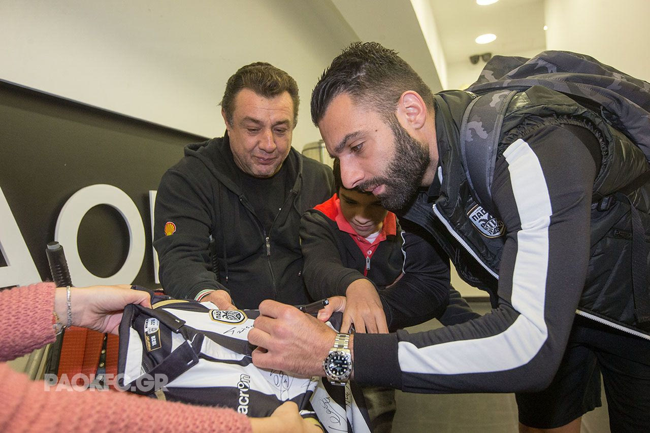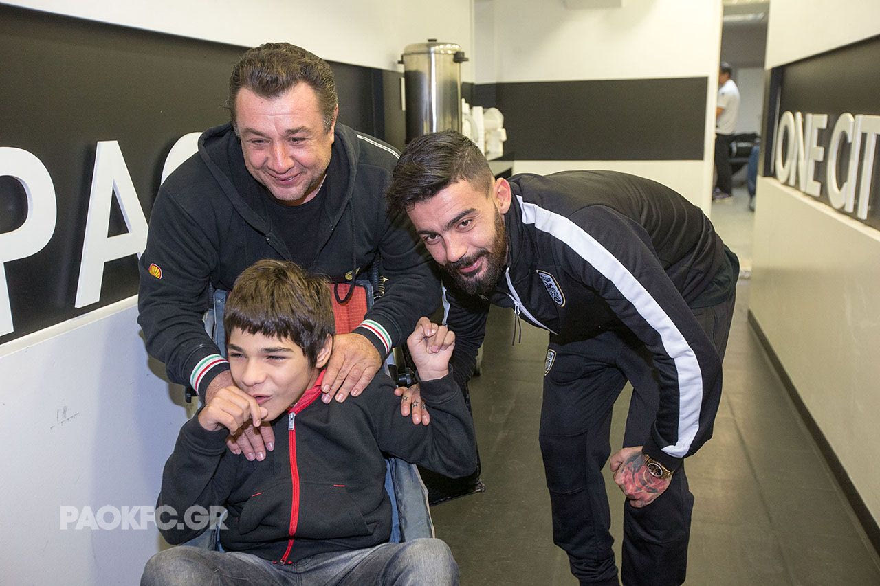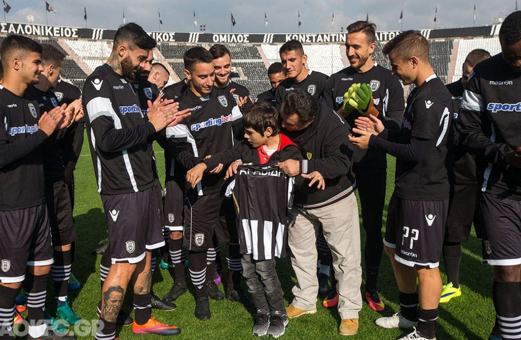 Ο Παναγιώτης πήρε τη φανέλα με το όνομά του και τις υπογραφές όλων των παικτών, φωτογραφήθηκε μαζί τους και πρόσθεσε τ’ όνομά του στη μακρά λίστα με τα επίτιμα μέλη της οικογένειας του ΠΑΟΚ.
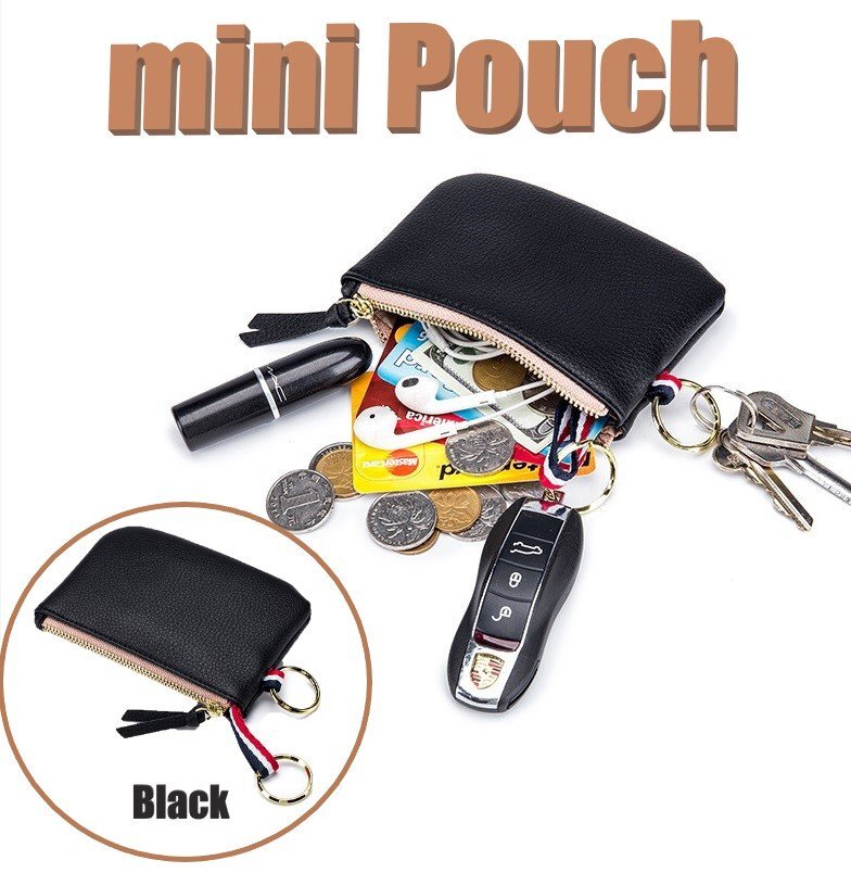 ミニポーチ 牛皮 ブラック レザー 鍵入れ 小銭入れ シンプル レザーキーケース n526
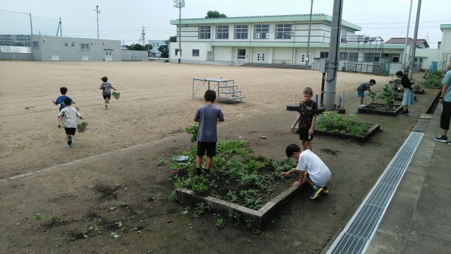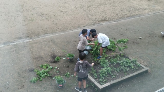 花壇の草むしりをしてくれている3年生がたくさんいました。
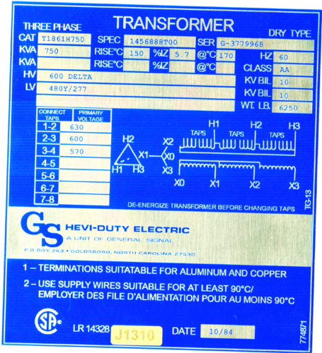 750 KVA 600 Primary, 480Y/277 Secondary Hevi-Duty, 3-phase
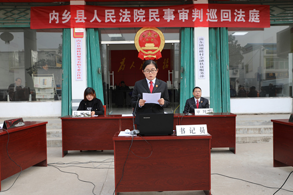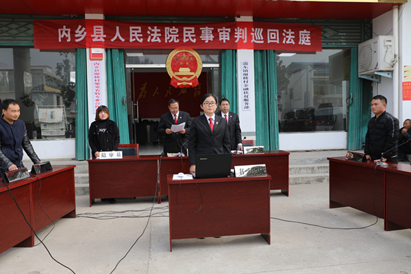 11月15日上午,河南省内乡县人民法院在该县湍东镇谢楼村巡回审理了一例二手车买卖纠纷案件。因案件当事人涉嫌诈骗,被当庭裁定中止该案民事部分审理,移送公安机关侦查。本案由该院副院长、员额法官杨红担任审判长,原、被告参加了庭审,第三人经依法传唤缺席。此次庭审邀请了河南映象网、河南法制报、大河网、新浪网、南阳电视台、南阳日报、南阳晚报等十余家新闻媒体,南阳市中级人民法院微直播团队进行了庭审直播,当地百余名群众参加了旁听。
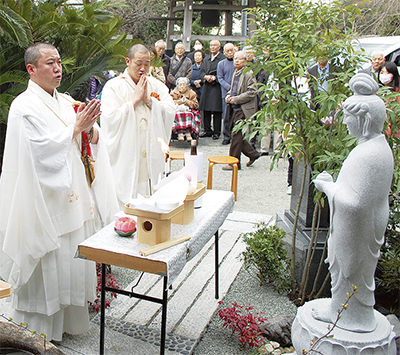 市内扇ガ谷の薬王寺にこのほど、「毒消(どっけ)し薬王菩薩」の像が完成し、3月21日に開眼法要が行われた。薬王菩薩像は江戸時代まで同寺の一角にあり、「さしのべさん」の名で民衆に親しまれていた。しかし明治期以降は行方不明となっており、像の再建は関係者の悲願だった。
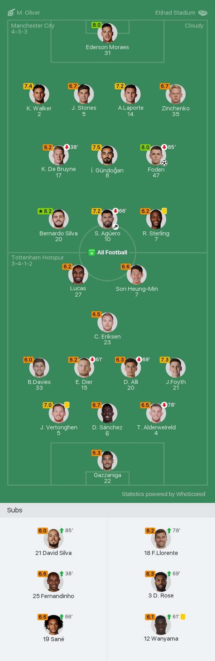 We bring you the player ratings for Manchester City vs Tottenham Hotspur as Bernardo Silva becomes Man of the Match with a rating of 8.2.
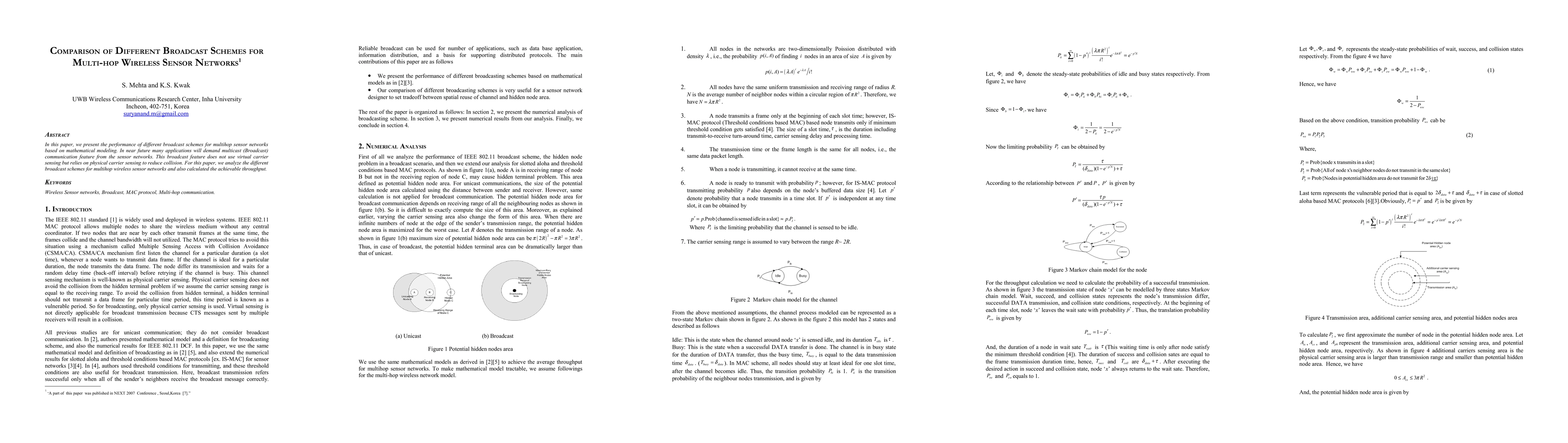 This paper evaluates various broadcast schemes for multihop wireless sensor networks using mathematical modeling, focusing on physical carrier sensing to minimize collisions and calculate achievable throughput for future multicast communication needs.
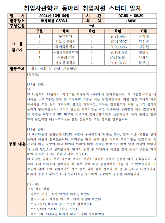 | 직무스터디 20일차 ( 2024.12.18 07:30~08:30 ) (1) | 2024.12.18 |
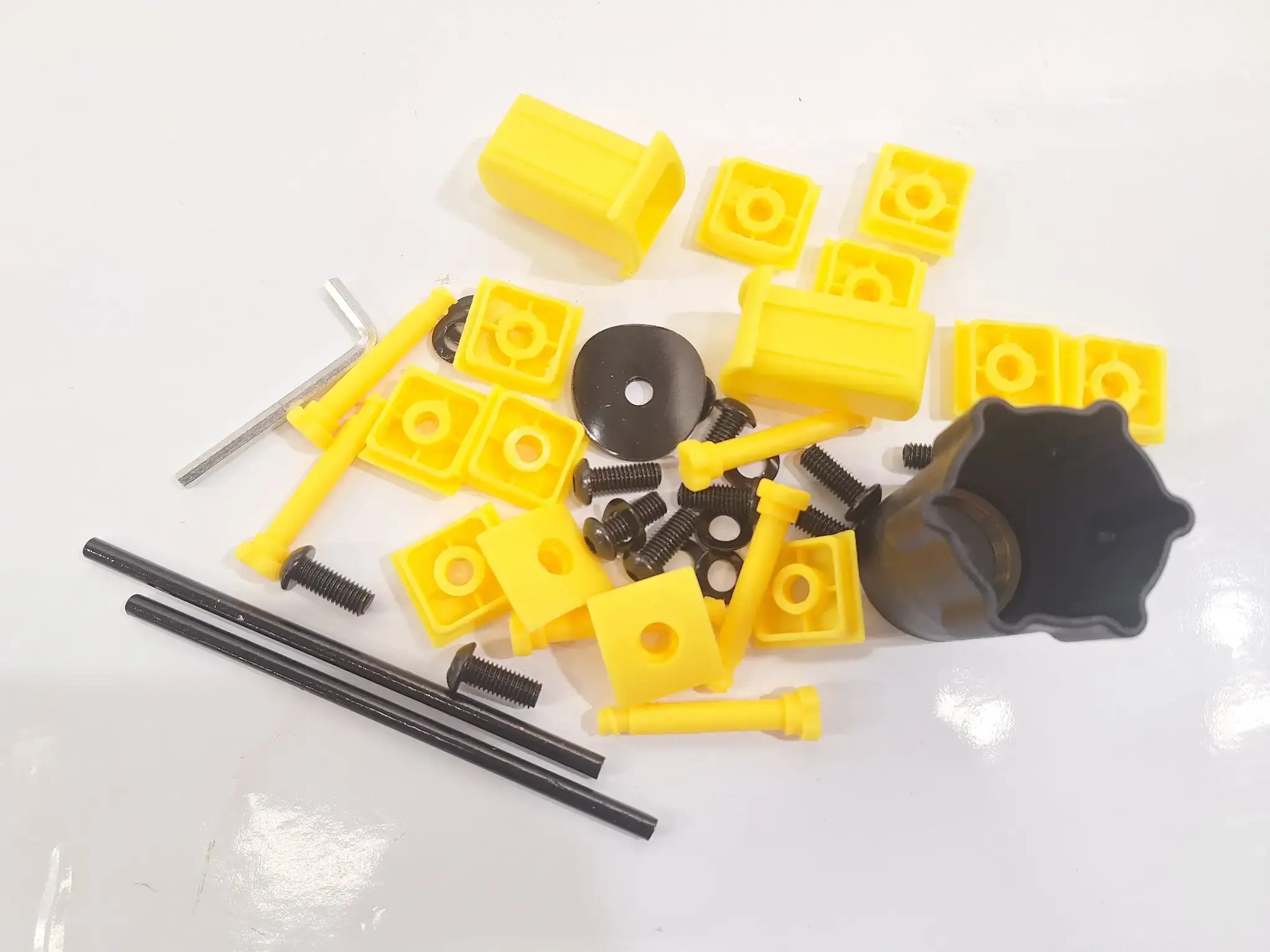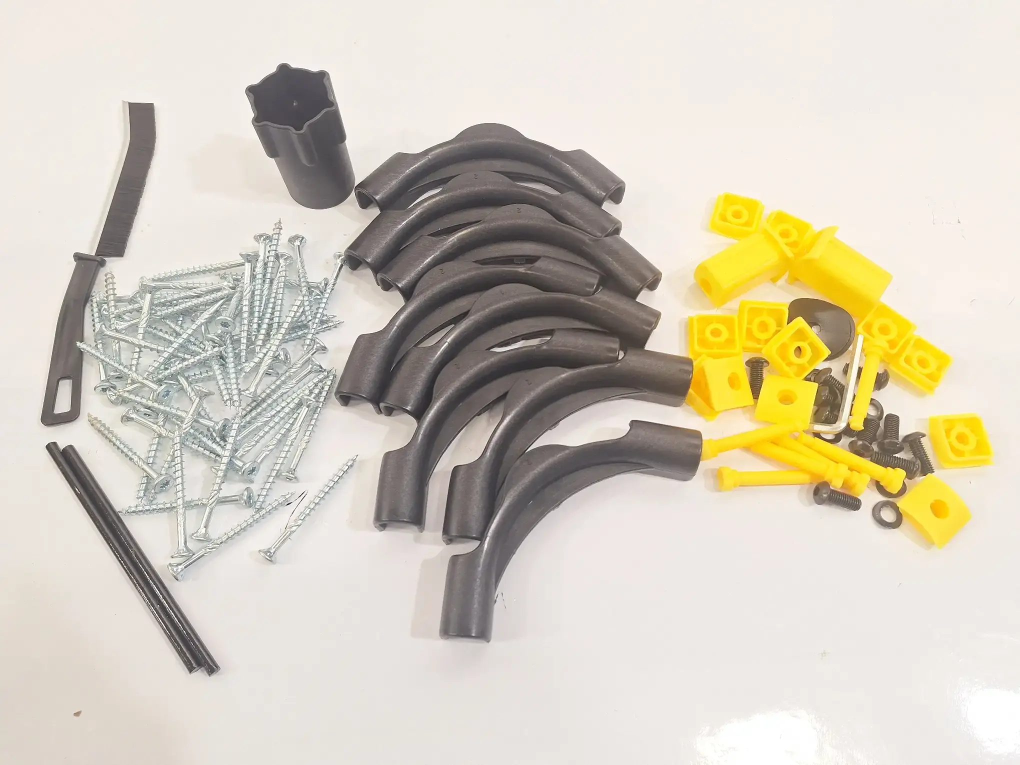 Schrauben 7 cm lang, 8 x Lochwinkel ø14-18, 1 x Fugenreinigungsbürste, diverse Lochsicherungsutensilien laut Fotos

-- What is being asked --
Using the listing above, reproduce word for word every line from the one containing "花壇の草むしりをしてくれている3年生がたくさんいました。" through the one containing "11月15日上午,河南省内乡". Pictures must be left out.

-- Solution for this task --
 花壇の草むしりをしてくれている3年生がたくさんいました。
 750 KVA 600 Primary, 480Y/277 Secondary Hevi-Duty, 3-phase
 11月15日上午,河南省内乡县人民法院在该县湍东镇谢楼村巡回审理了一例二手车买卖纠纷案件。因案件当事人涉嫌诈骗,被当庭裁定中止该案民事部分审理,移送公安机关侦查。本案由该院副院长、员额法官杨红担任审判长,原、被告参加了庭审,第三人经依法传唤缺席。此次庭审邀请了河南映象网、河南法制报、大河网、新浪网、南阳电视台、南阳日报、南阳晚报等十余家新闻媒体,南阳市中级人民法院微直播团队进行了庭审直播,当地百余名群众参加了旁听。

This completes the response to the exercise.